# Costing Exercise.



## Guest (Mar 2, 2008)

Today's costing exercise:

Two people, Burstner A530.
Dover Calais, out begining May back a month later.
Sea France for all 3.

Sea France direct £78
C Club £74
C*CC £55

All same days though times varied a bit around midday.


----------



## bobandjane (Dec 29, 2007)

*Costing Exercise*

Very Good any chance of the code for c* cc Well it was worth a try!

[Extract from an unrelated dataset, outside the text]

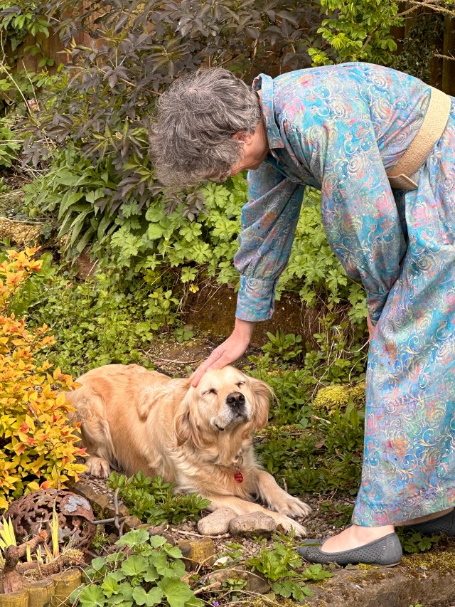 What a wonderful reunion, and a pretty dress for the occasion! Can there be a more contented face than that of your puppy?! 🙂

We go from Harich next time 22 may --24june £54 in tesco points club class seats cant be bad bobandjane.


----------



## Guest (Mar 2, 2008)

*Re: Costing Exercise*



bobandjane said:


> Very Good any chance of the code for c* cc


That's easy:

http://www.campingandcaravanningclub.co.uk/


----------



## Rapide561 (Oct 1, 2005)

bhewart said:


> Today's costing exercise:
> 
> Two people, Burstner A530.
> Dover Calais, out begining May back a month later.
> ...


£55 return is not bad at all.

Do you have to be a CCC member to take advantage of the fares or will the take bookings for anyone!

Russell


----------



## Guest (Mar 2, 2008)

SORRY people.

I got back on to the C&CC site to book that £55 ticket. It had retained my previous inquiry.

Errrr, guess who put in 6 May return 8 May, not 8 June.

Prat !!!

Real price was same as the rest. £75 ish.

But it got *more* interesting, CC bounced. So I phone RBS and they read out umpteen thousands of pounds of fraud transactions on the CC. I've to sort it out tomorrow. though I doubt it will cost me anything.


----------